An exact restatement of all the data is required, with the pictures left out.
*** DATA BLOCK Section Begins ***
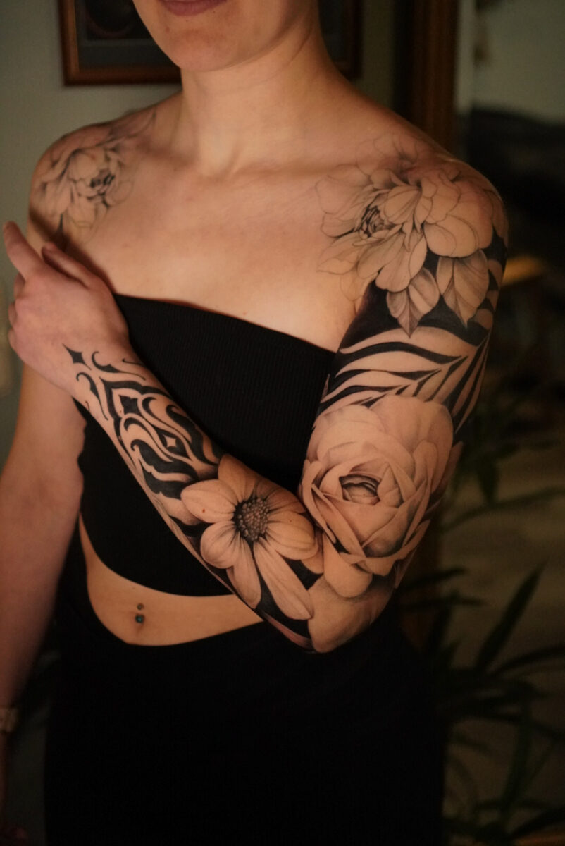 Seit nun zehn Jahren arbeite ich als Vollzeit-Tätowiererin. Das ist eine Reise, die mich geprägt hat und die mich immer wieder neu antreibt. Neben meinen Ich bin viel unterwegs, tätowiere in anderen Studios und Städten, weil es unglaublich inspirierend ist neue Orte und neue Sichtweisen kennenzulernen. Es tut gut, immer wieder aus dem Gewohnten auszubrechen und frischen Input zu sammeln.
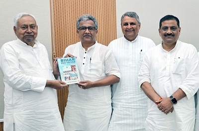 उद्योग मंत्री नीतीश मिश्रा ने अपनी किताब ‘Bihar Hai Taiyar- A journey of Transformation 2005-2025’ की पहली कॉपी मुख्यमंत्री नीतीश कुमार को भेंट की।
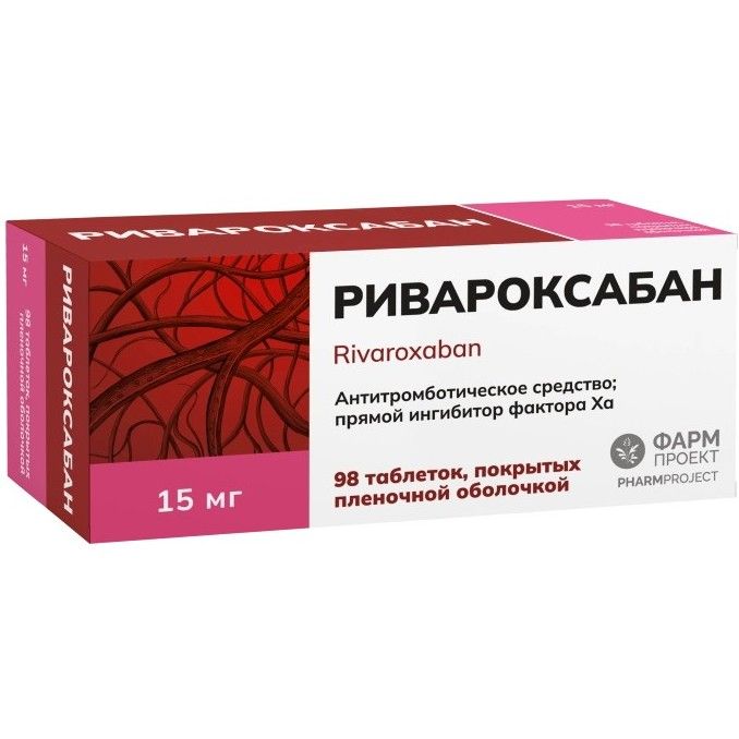 Ривароксабан таб. п/пл. об. 15мг №98 Фармпроект/Россия
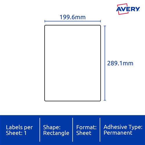AVERY HEAVY DUTY LASER LABELS L7067 1UP 199.6x289.1mm PK25
*** DATA BLOCK Section Ends ***
- **REPLY TO THE EXERCISE**
 Seit nun zehn Jahren arbeite ich als Vollzeit-Tätowiererin. Das ist eine Reise, die mich geprägt hat und die mich immer wieder neu antreibt. Neben meinen Ich bin viel unterwegs, tätowiere in anderen Studios und Städten, weil es unglaublich inspirierend ist neue Orte und neue Sichtweisen kennenzulernen. Es tut gut, immer wieder aus dem Gewohnten auszubrechen und frischen Input zu sammeln.
 उद्योग मंत्री नीतीश मिश्रा ने अपनी किताब ‘Bihar Hai Taiyar- A journey of Transformation 2005-2025’ की पहली कॉपी मुख्यमंत्री नीतीश कुमार को भेंट की।
 Ривароксабан таб. п/пл. об. 15мг №98 Фармпроект/Россия
AVERY HEAVY DUTY LASER LABELS L7067 1UP 199.6x289.1mm PK25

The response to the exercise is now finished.